Liquid crystal devices (LCD) typically comprise electrodes on the opposite sides of a layer of liquid crystal that changes polarization of incident light in response to an applied voltage. When no electric field is applied, light does not changes polarization and passes through the polarization filter; when an electric field is applied, the polarization changes and the polarization filter absorbs light.

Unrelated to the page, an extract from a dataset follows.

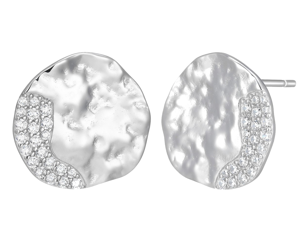 High Polish Finish Disc, Cubic Zirconia Accents, Post & Butterfly Backings, Rhodium Plated on Sterling Silver
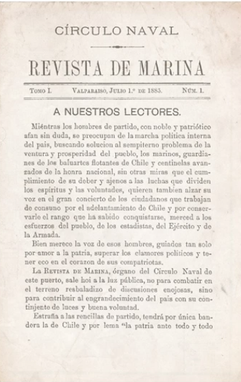 REVISTA DE MARINA es una publicación bimestral, fundada el 1º de julio de 1885. Su misión es reflejar las inquietudes profesionales del personal de la Armada de Chile, en servicio activo y en retiro o de cualquier persona que desee contribuir, a través de este medio, para divulgar y discutir los asuntos relacionados con el pensamiento naval y marítimo, tanto en Chile como en el extranjero y proveer un registro del acontecer naval y marítimo.

These two types of spatial light modulators, DMD and LCD, are suitable and widely utilized for projection television and computer display systems. However, these spatial light modulators have technical and physical limitations that limit their usage in holographic systems and other modern technical applications that require high resolution, i.e. small size of pixels. The DMDs and LCDs typically have a geometric size of pixel elements on the order of dozens of microns. For example, a typical micro-mirror element has size of 10-20 microns (&mgr;m). Another disadvantage of existing spatial light modulators is that they have a long time of modification of the optical elements state, i.e. changing the image pattern, on the order of milliseconds.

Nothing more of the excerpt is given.